9/9/14

Responsabilidad



A veces pienso en los niños que lloran y patalean hasta conseguir lo que quieren. Si describimos su actitud casi siempre coincidimos en "caprichoso". Lo curioso es que cuando ni llora, ni patalea, ni insiste y a su alrededor habita el silencio comenzamos a percibir que algo raro está sucediendo. Vamos en búsqueda del niño y lo encontramos haciendo algo por su propia cuenta. Unas veces nos sorprende para bien y otras para mal. 

La diferencia entre una actitud intrépida, valiente y autónoma y otra caprichosa es que el primero no pierde el tiempo en llorar sino que busca y hace, mientras que el caprichoso espera a que le den o se lo hagan.

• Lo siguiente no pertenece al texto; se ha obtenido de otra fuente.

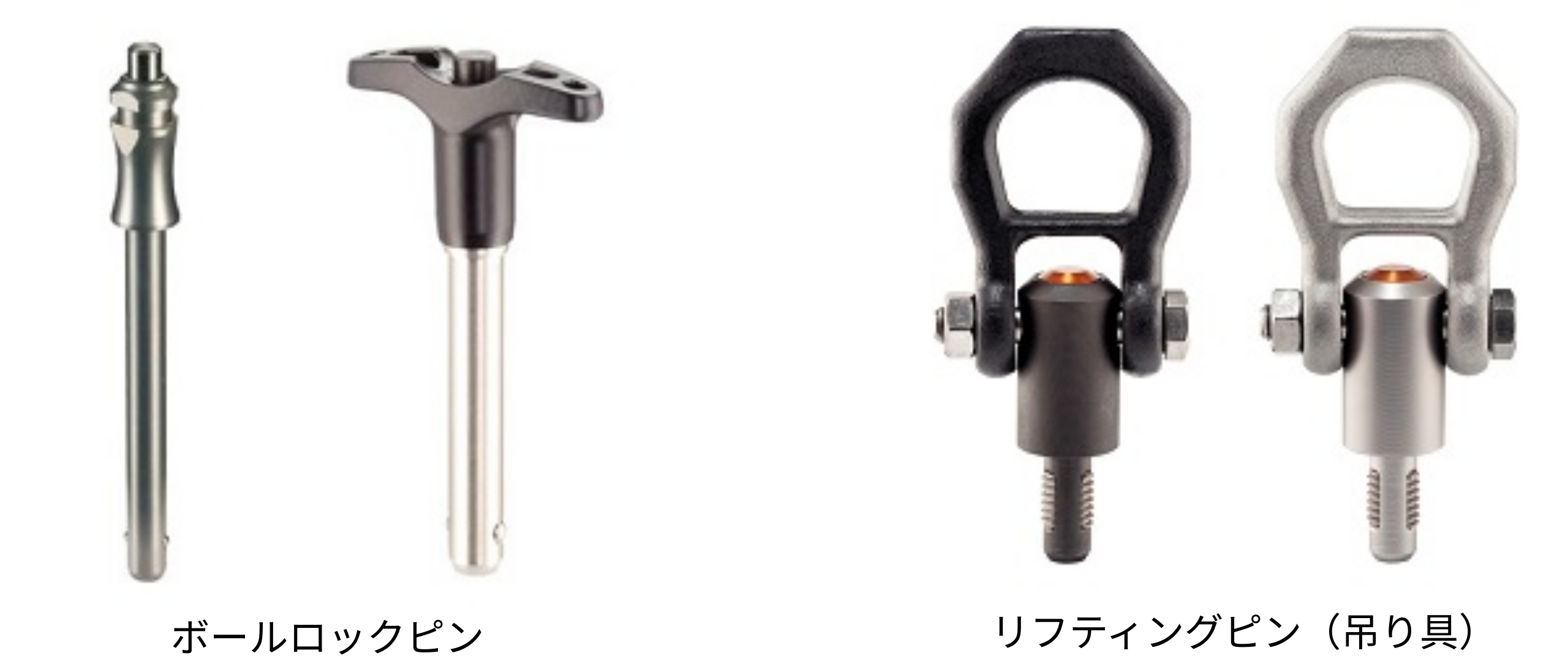 なお、クランプロックピンは、ロックピン、ボールロックピン、セーフティーピン、クイックリリースピン、差し込みピンとも呼ばれます。また類似品に、貫通穴の端面をクランプするロックピンや吊り具のリフティングピンがあります

Me preocupa el ver gente que espera que le resuelvan las cosas y me encanta ver personas que buscan oportunidades donde otros no la ven. 

Me encanta sentir que las cosas dependen de uno mismo en contra de sentir que los demás tienen que resolverlas por mí.

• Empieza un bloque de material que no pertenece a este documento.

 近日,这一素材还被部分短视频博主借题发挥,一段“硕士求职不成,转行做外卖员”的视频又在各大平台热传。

Sentirse vivo es tener la capacidad de buscar y aportar soluciones a la vida y a las situaciones que inesperadamente se dan en ellas.

La madurez es vivir como si todo dependiera de mi, hacerlo con ilusión y alegría, pero como si yo nu fuera imprescindible y como si los resultados no fueran vitales. Vivir con absoluta libertad ante lo que soy, me exijo y quiero de la vida, sabiendo que soy yo quien tiene que buscarlo y aceptarlo agradecidamente si la vida me lo pone en el camino.

Mientras unos lloran y patalean otros hacen y consiguen lo que no pueden los que lloran, pues sus lágrimas no le permiten ver el camino.